Exploring the MESI & MUNSTER eddy datasets
Author: Cara Wilson History | Updated 2026-3-24
This code explores the eddy field around a cruise track using a number of different datasets: Sea level anomalies from satellite altimetery and the MESI and MUNSTER dataset. Underway ship data from NOAA ship the Nancy Foster that was in the Gulf in June 2025. First 4 different maps are made of the region the ship went though, plotting SSH (sea surface height anomaly), EKE (eddy kinetic energy), MESI (multiparameter eddy strength index) and the positions of cyclonic and anticyclonic eddies. Then maps are made showing the values of EKE, MESI and the eddy ID numbers synoptic with the cruise track.
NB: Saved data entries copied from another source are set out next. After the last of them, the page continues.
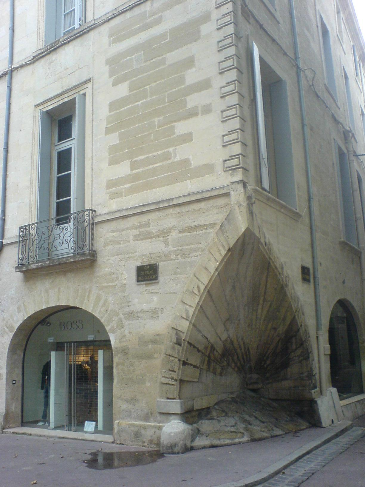 "Hôtel de Sarret", hotel in Montpellier .
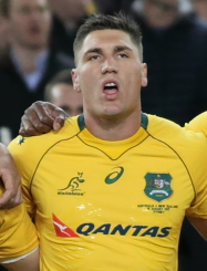 2017.08.19.20.05.51-AUS anthem-0001 2017 Rugby Championship, Bledisloe 1, Australia vs New Zealand, 19th August, ANZ Stadium, Sydney
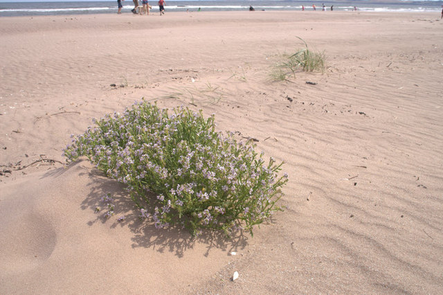 Sea Rocket (Cakile maritima), Tentsmuir Sands An early colonist of mobile foredunes.
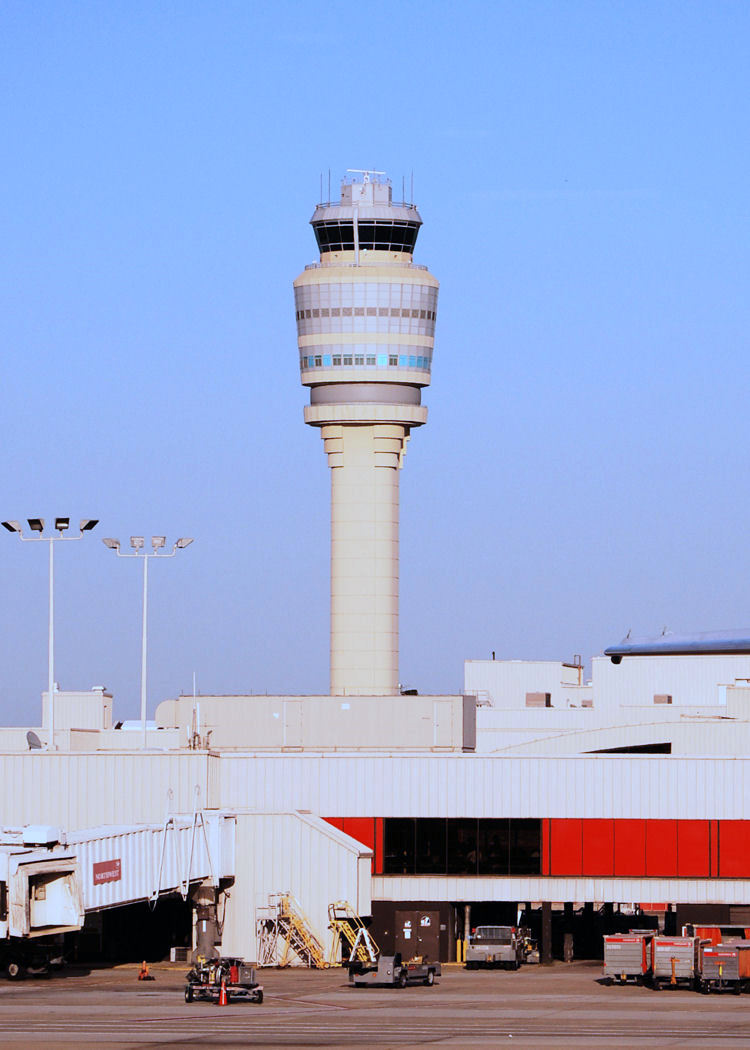 Control tower for Atlanta's Hartsfield-Jackson International Airport
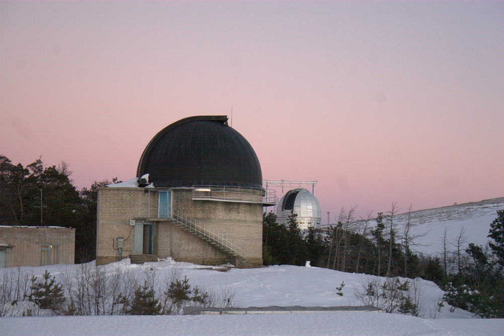 North Caucasus (Zelenchukskaya) Station of Kazan University Observatory, MPC code 114
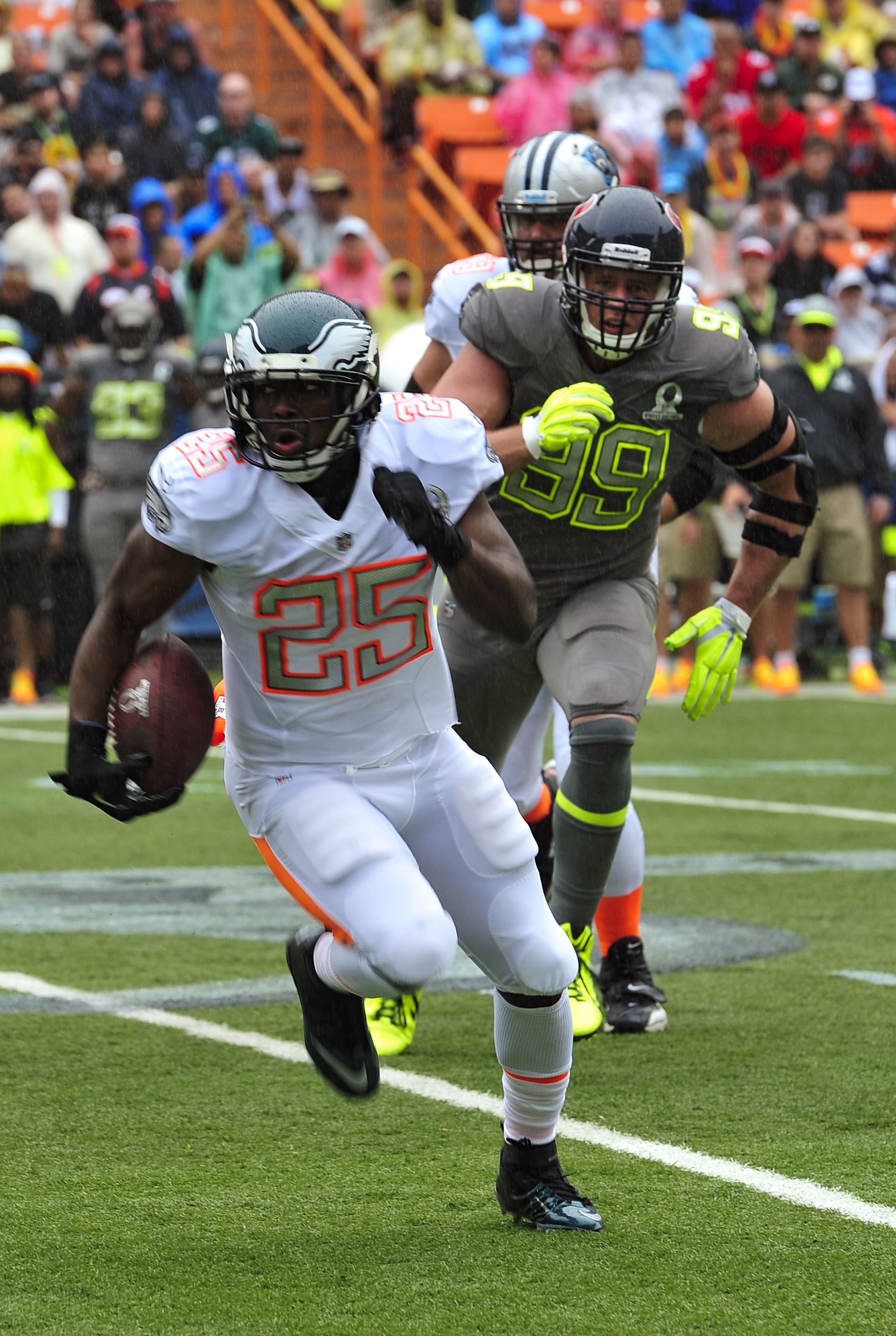 Philadelphia Eagles running back, LeSean McCoy, being pursued from Houston Texans defensive end, J. J. Watt, in the 2014 Pro Bowl game at Aloha Stadium.
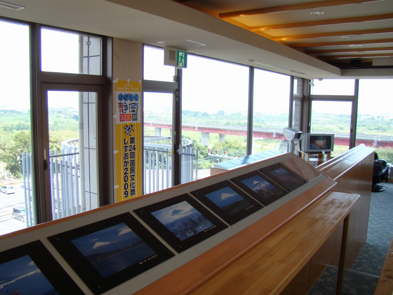 Observation lounge at Michinoeki Fujikawa Rakuza in Shizuoka Prefecture, Japan
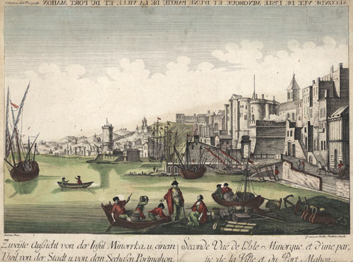 View of the island of Menorca and a part of the town and harbour of Mahón (= Maó); copperplate etching, colorized, 30 x 40,6 cm
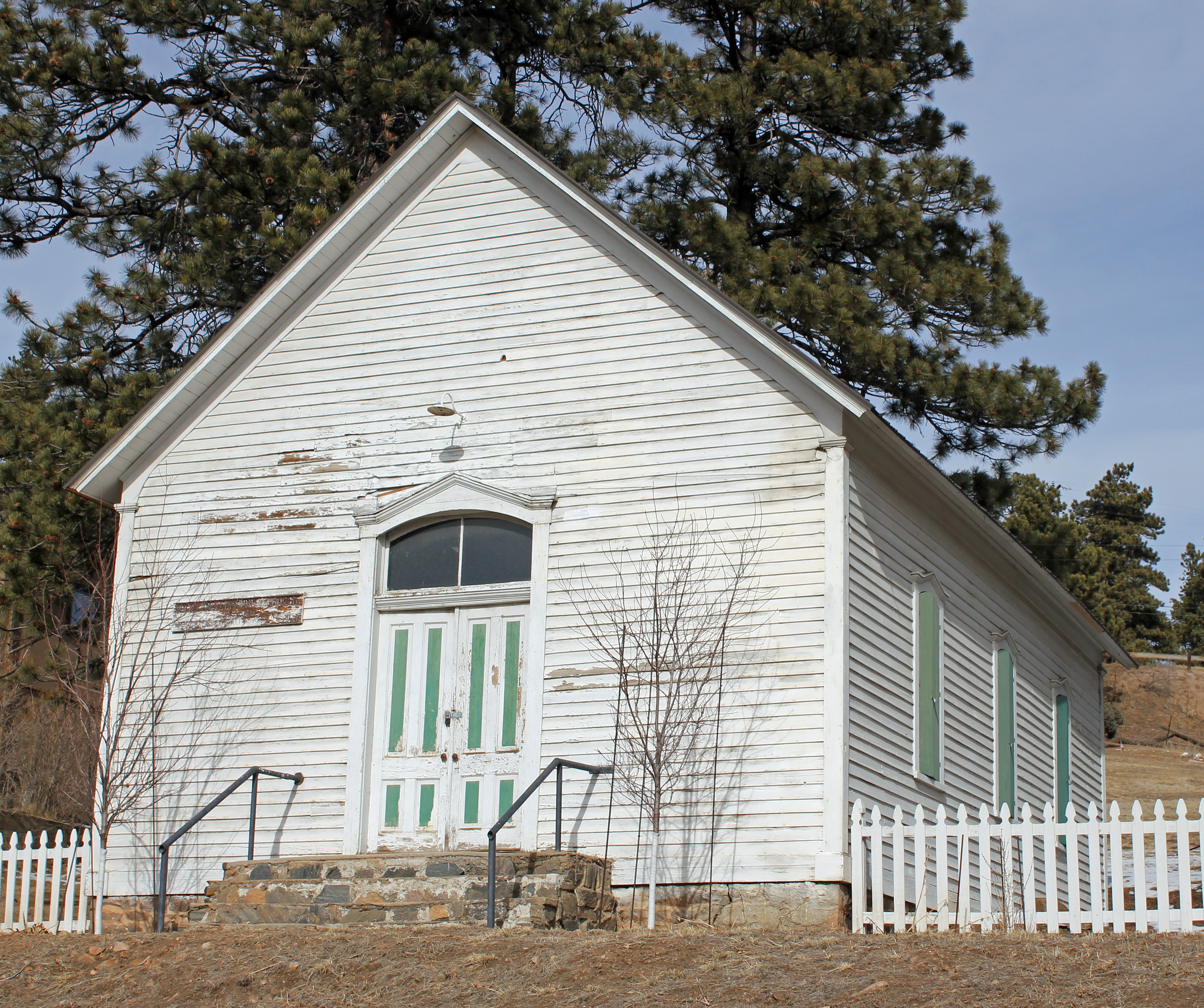 The Rockland Community Church and Cemetery, located at 24225 Rockland Road in Golden, Colorado. The property is listed on the National Register of Historic Places.
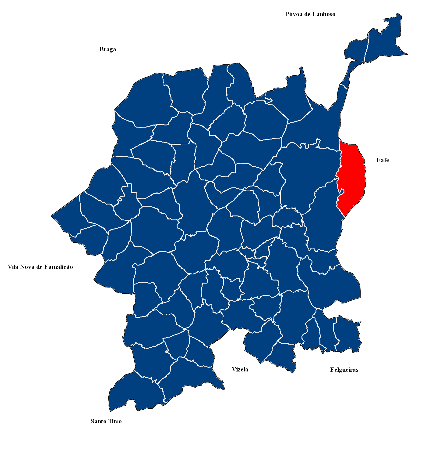 Map of Rendufe parish, Guimarães Municipality, Portugal
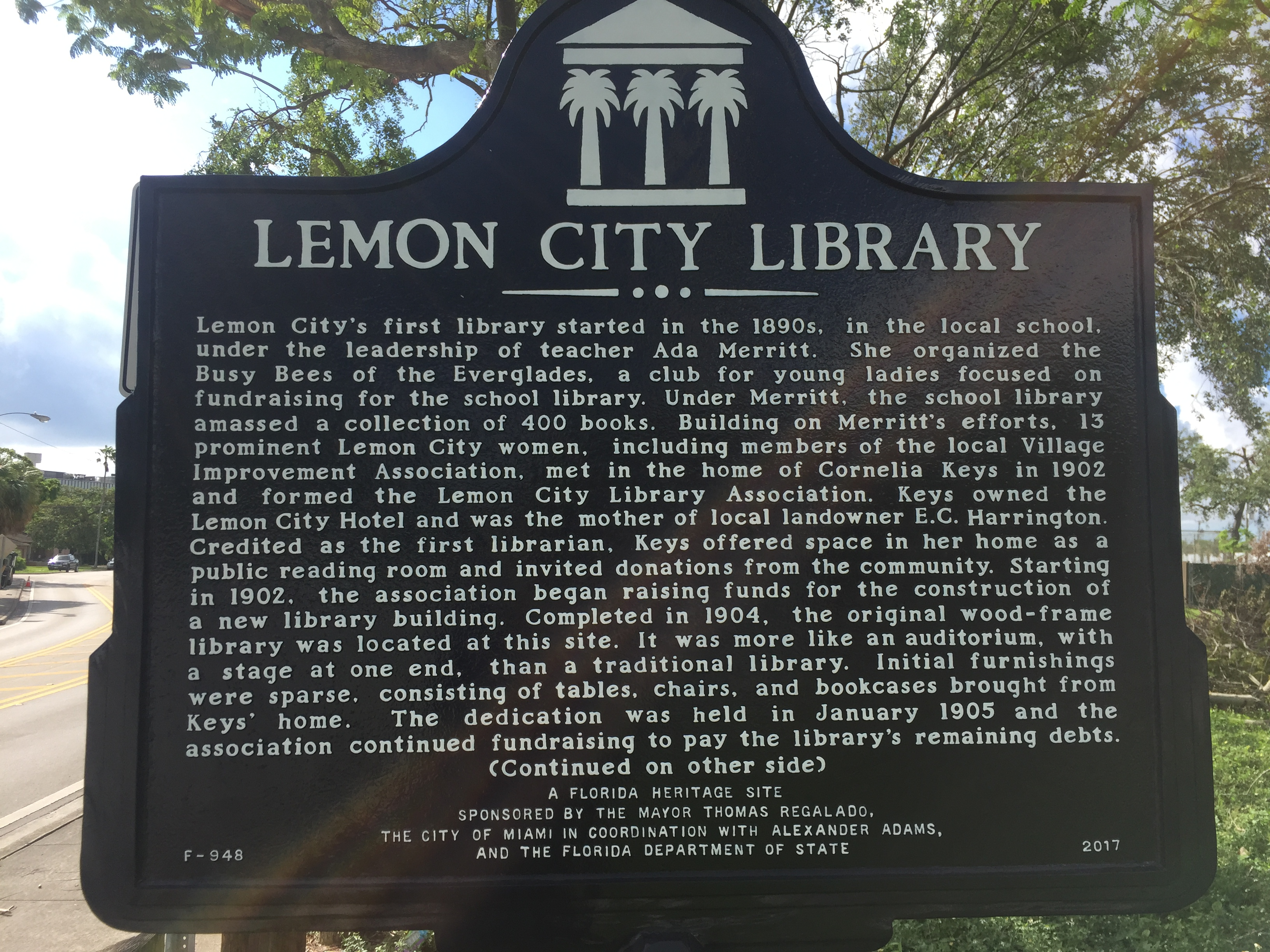 The Lemon City Library plaque commemorating the location of the original library. The site is currently adjacent to the where the current library is located.
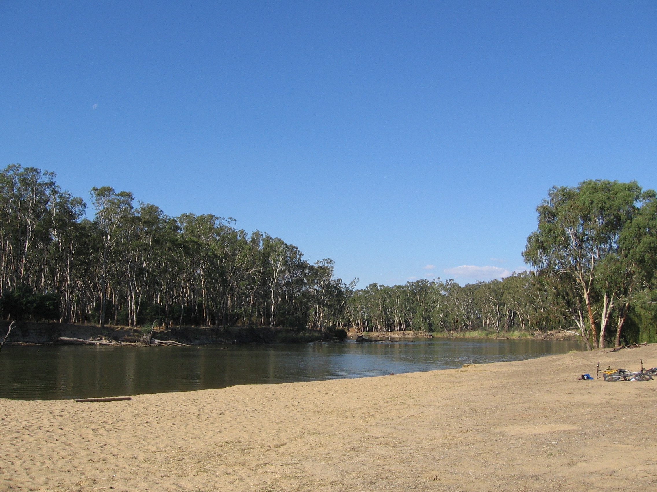 Town Beach in Tocumwal, New South Wales.
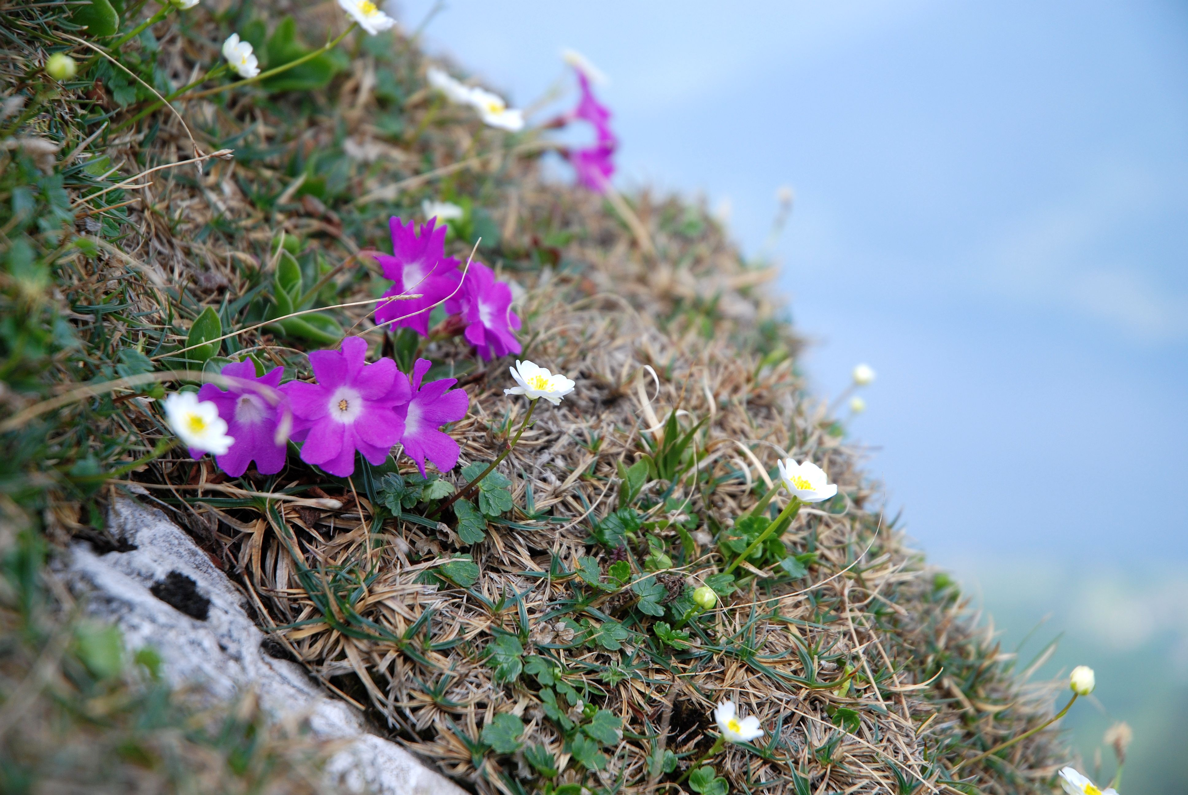 Caricetum firmae with Primula clusiana and Ranunculus alpestris
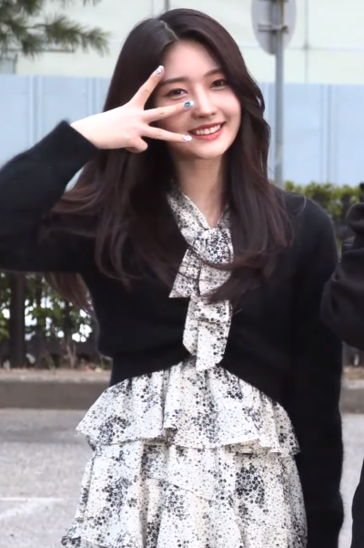 EVERGLOW (에버글로우) E:U 시현 MIA ONDA AISHA 이런 29일 KBS 뮤직뱅크에 에버글로우가 출근하고 있다
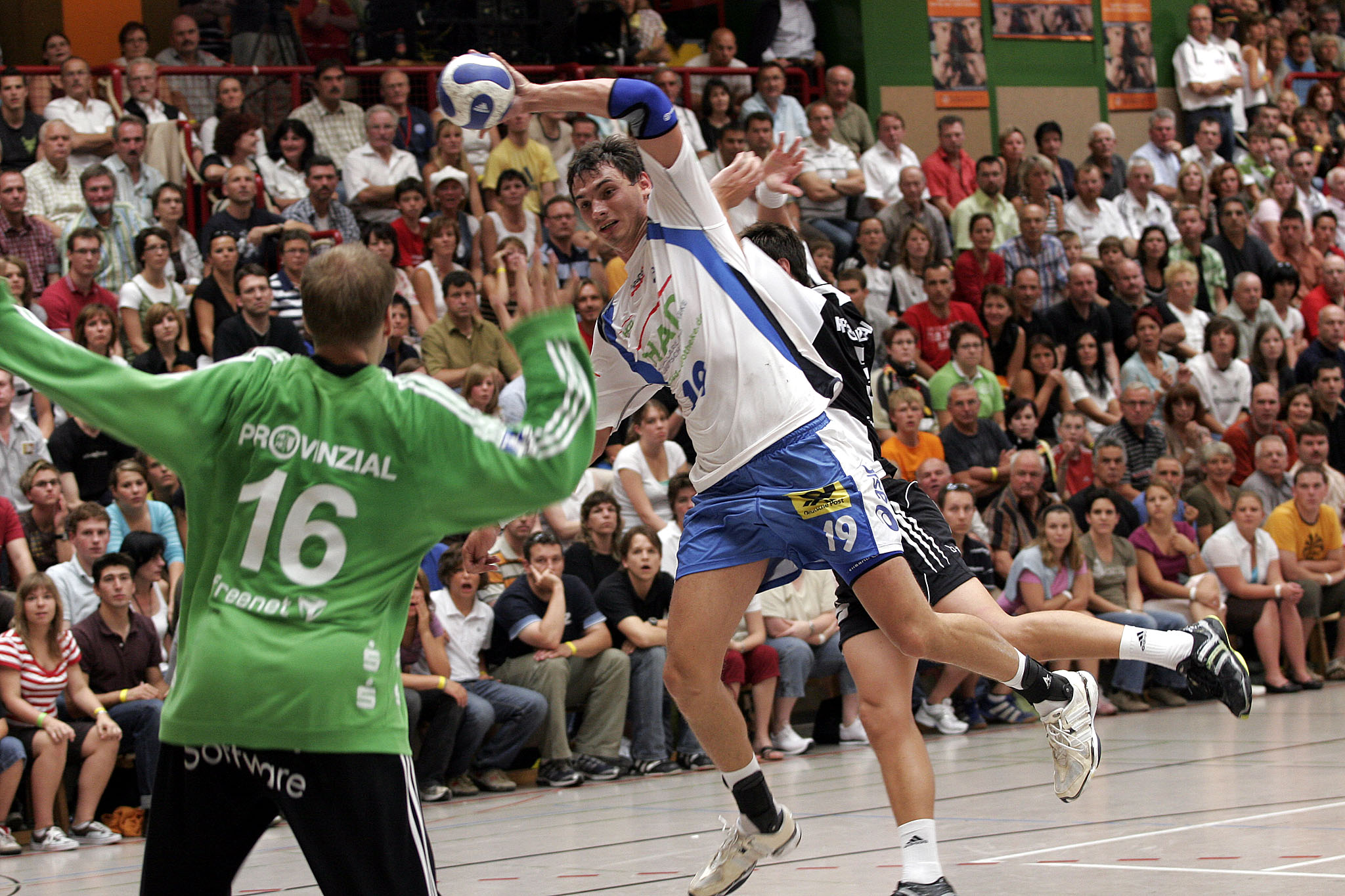 Krzysztof Lijewski, Polish handball player from HSV Hamburg, during the Schlecker Cup 2007 in Ehingen (Germany)
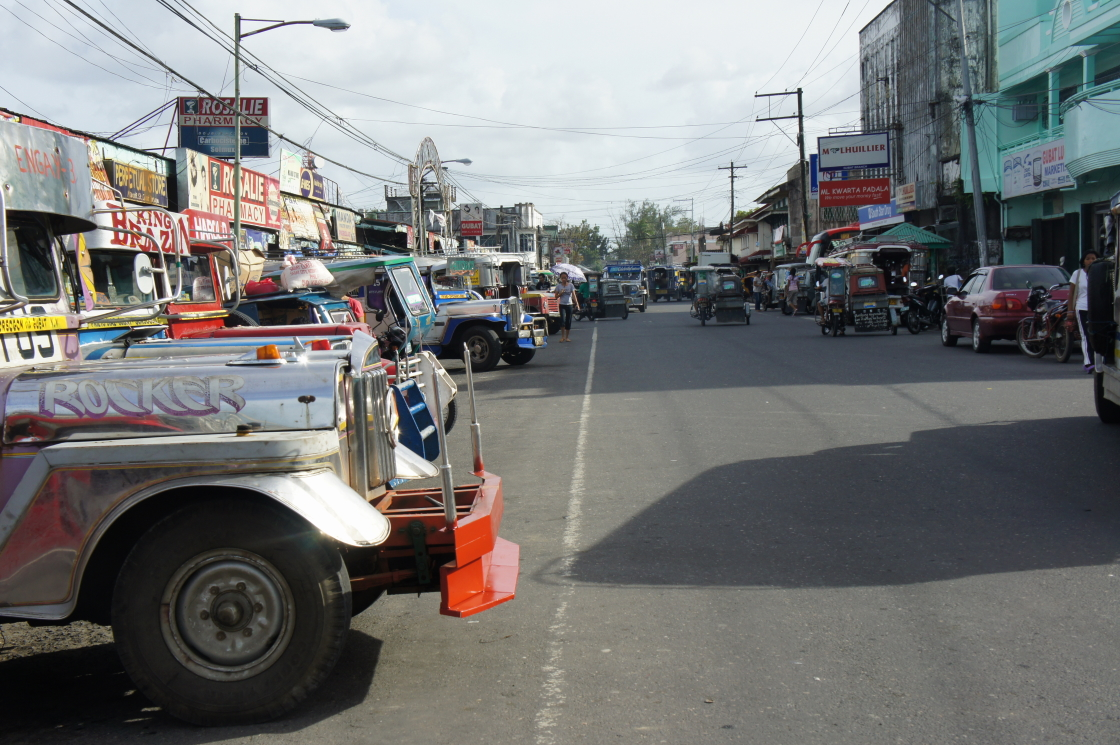 Gubat town center, Sorsogon, Philippines. Jeepneys to Bulusan, Barcelona and Prieto Diaz line this street of Gubat commercial area.
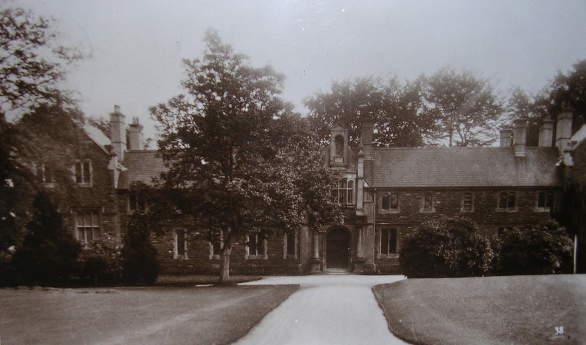 The Canterbury Building, University of Wales, Lampeter in 1889.

knitr::opts_chunk$set(echo = TRUE)Load Packages
packages <- c(
"ncdf4", "plyr", "lubridate", "rerddap", "ggplot2", "plotdap",
"tidyverse", "scales", "rerddapXtracto", "maps", "mapdata",
"grid", "gridExtra", "reshape2", "viridis", "plotly",
"ggrepel", "patchwork", "magrittr"
)
to_install <- setdiff(packages, rownames(installed.packages()))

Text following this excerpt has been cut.